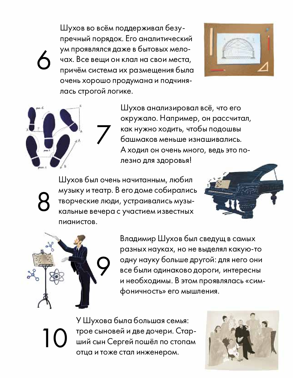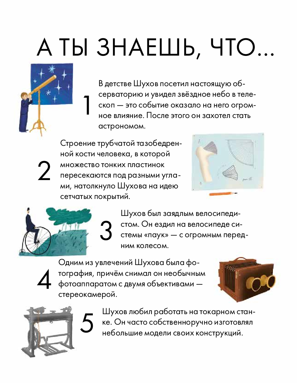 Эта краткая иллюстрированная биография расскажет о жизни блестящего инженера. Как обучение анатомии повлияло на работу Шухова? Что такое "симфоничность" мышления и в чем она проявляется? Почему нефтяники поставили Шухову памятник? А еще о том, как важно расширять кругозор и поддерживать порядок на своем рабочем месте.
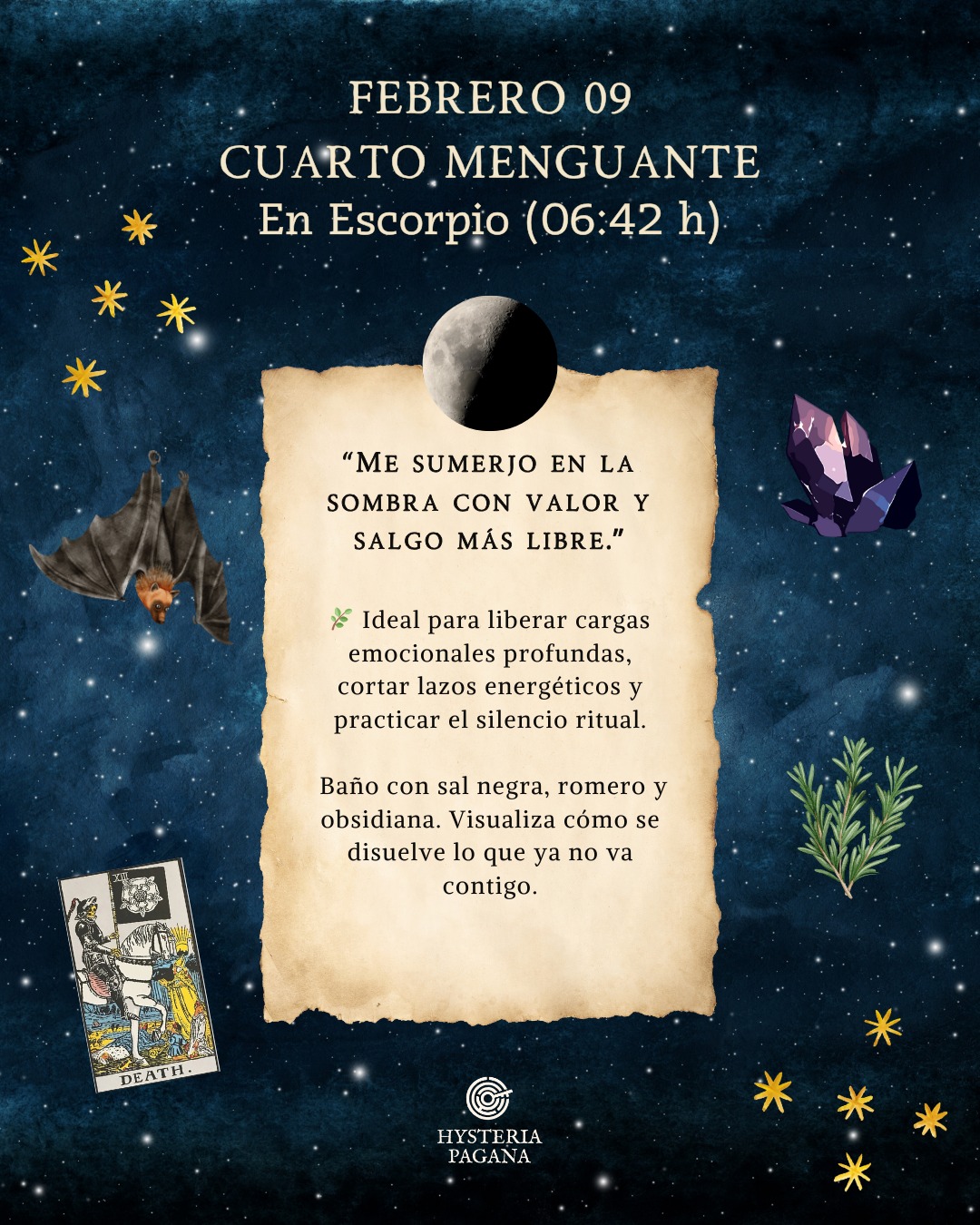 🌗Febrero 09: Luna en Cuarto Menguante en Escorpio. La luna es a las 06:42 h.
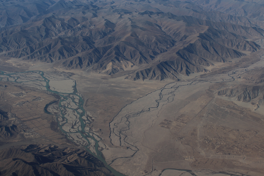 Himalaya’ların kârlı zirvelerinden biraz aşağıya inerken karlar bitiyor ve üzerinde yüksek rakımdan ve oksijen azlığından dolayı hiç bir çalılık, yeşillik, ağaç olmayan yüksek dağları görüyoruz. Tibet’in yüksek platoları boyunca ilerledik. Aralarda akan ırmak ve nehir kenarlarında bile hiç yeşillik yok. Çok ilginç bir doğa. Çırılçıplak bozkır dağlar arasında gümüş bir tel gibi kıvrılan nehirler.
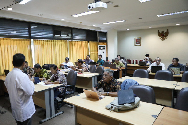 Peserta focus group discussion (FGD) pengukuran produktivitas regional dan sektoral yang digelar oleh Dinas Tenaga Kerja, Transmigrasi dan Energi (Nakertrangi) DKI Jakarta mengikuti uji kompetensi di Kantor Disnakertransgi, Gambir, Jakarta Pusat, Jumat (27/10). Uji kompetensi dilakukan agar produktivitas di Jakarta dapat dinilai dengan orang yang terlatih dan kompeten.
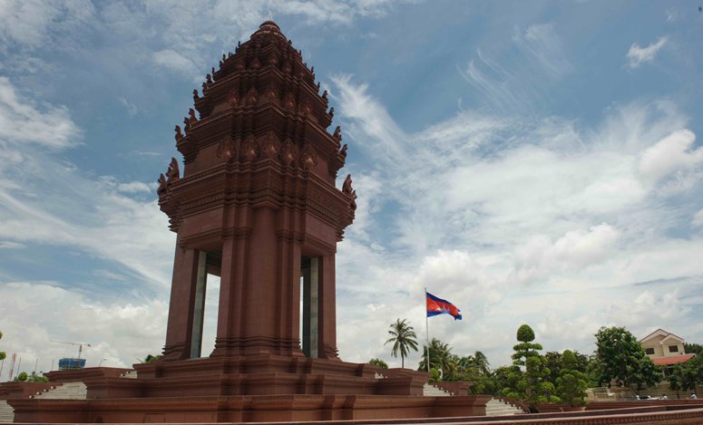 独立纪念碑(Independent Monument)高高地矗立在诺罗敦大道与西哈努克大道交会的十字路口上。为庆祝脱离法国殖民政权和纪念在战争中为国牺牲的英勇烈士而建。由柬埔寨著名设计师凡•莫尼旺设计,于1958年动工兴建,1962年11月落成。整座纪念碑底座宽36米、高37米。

▬▬▬▬▬▬▬▬▬▬

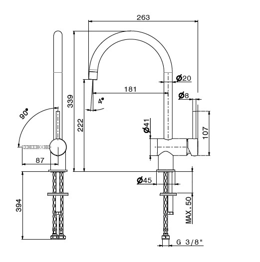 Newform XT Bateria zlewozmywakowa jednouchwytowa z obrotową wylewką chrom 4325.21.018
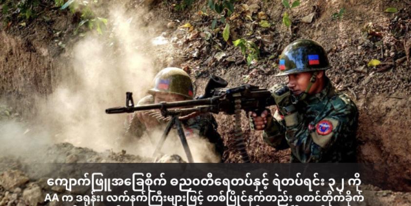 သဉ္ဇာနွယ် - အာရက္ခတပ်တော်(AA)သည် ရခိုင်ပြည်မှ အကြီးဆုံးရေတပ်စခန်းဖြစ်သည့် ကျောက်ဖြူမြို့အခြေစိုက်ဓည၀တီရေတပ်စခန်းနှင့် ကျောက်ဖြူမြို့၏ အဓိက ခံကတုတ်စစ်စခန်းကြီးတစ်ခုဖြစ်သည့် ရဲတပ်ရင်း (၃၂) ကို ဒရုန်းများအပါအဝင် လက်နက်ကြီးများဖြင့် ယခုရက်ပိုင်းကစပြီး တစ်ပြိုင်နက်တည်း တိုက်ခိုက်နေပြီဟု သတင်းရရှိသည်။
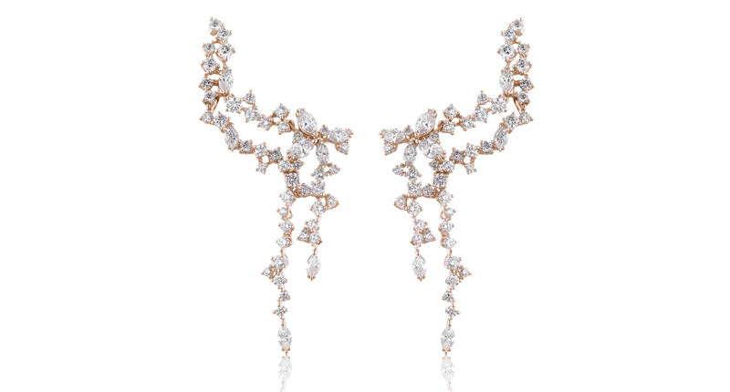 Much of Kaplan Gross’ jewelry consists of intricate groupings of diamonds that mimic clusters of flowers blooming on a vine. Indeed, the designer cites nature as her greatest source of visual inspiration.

▬▬▬▬▬▬▬▬▬▬

→ **About this task**: Print exactly, with no pictures, the lines above from the one that holds "သဉ္ဇာနွယ် - အာရက္ခတပ်တော်(AA)သည်" through the one that holds "Much of Kaplan", both of them included.

→ **Response**:
 သဉ္ဇာနွယ် - အာရက္ခတပ်တော်(AA)သည် ရခိုင်ပြည်မှ အကြီးဆုံးရေတပ်စခန်းဖြစ်သည့် ကျောက်ဖြူမြို့အခြေစိုက်ဓည၀တီရေတပ်စခန်းနှင့် ကျောက်ဖြူမြို့၏ အဓိက ခံကတုတ်စစ်စခန်းကြီးတစ်ခုဖြစ်သည့် ရဲတပ်ရင်း (၃၂) ကို ဒရုန်းများအပါအဝင် လက်နက်ကြီးများဖြင့် ယခုရက်ပိုင်းကစပြီး တစ်ပြိုင်နက်တည်း တိုက်ခိုက်နေပြီဟု သတင်းရရှိသည်။
 Much of Kaplan Gross’ jewelry consists of intricate groupings of diamonds that mimic clusters of flowers blooming on a vine. Indeed, the designer cites nature as her greatest source of visual inspiration.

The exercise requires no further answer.